We can therefore see what is decisive about Foucault’s invitation to consider all power in a situation like ours – and thus neoliberal power itself – in terms of the ‘matrix’ of civil war. It encourages us not to give in to the illusion that the state’s function is, in essence, to harmonise differences and points of view by means of a ‘dialogue’ as rational as possible between ‘partners’, but rather to see it as a leading actor in the conduct of civil war. But it also makes it possible to take the full measure of the scope of the current mobilisations, by bringing to light the deep coherence that links the regressive policy of the social state and Macron’s ecocidal policy.

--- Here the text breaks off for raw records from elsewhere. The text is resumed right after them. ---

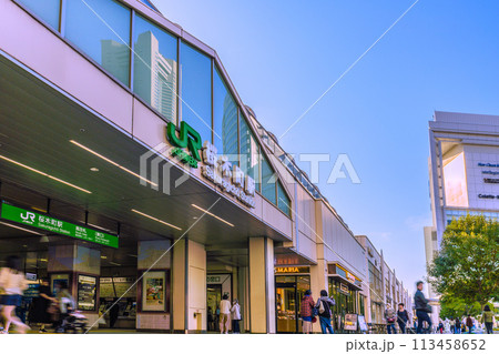 日本の横浜都市景観 相鉄横浜駅や横浜市営地下鉄横浜駅、パルナードSTなどを望む
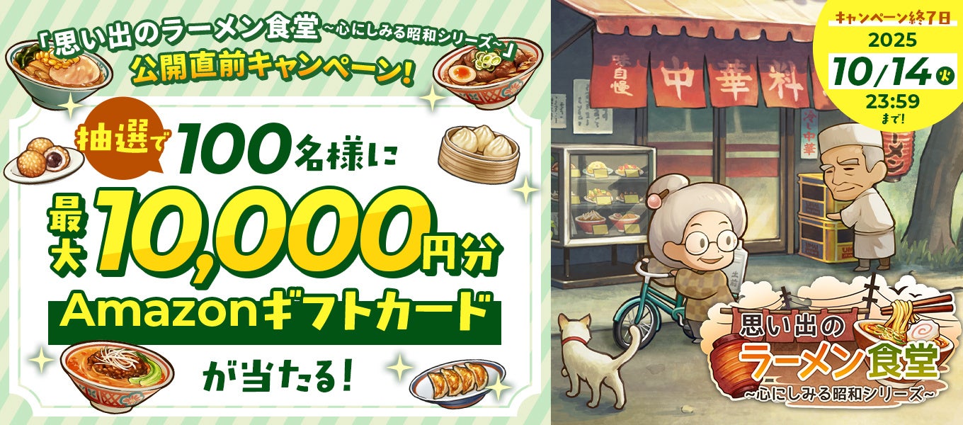 【Amazonギフトカードが当たる!】「思い出のラーメン食堂 ~心にしみる昭和シリーズ~」事前登録開始!抽選で100名様に最大1万円分のアマギフが当たるキャンペーンを開催!
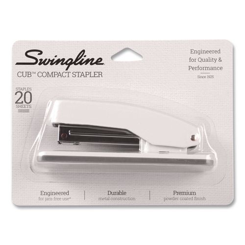 Say hello to the modern-day workspace hero. The Swingline® Cub Compact Stapler is small but mighty, and easily takes on your everyday stapling jobs. Perfect for home offices, cubicles and anywhere you work. Compact design for both desktop and handheld usage. Jam Free guaranteed when used with Swingline® S.F.® 3 Premium Staples. Staple up to 20 sheets when used with Swingline® staples. Durable, premium metal construction with textured powder coat finish. Stapler holds a half strip of 105 staples. Stapler opens for tacking and has a low staple indicator.
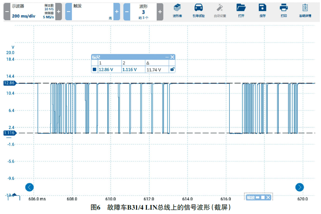 故障排除:更换B31/4后试车,多媒体显示屏上的空气质量选项显示正常,故障排除。虽然使用故障检测仪无法读取B31/4数据,但使用示波器的译码功能仍可以从数据层面对B31/4的信号进行分析,从而能够精准地判断故障点。

Behind the ‘chaos’ that Macron has unleashed we can detect the other world that the ‘factionalists’ carry within them. How do the defence of a dignified life for older workers and future pensioners, and the defence of nature against destructive projects, offer a rare force of coalition today? Because in both cases it is a question of a desirable life and a habitable world. And this desire and this habitability are irreconcilable with the subordination of life and the domination of the world by capital and its state. The fact now is that, to the great majority of people, the logic of the common and the logic of capital are irreconcilable, given the urgency of the crises and the neoliberal obduracy. In this sense there is no possible ‘dialogue’ or ‘compromise’ between those who wage civil war and the great mass of the population that are its target.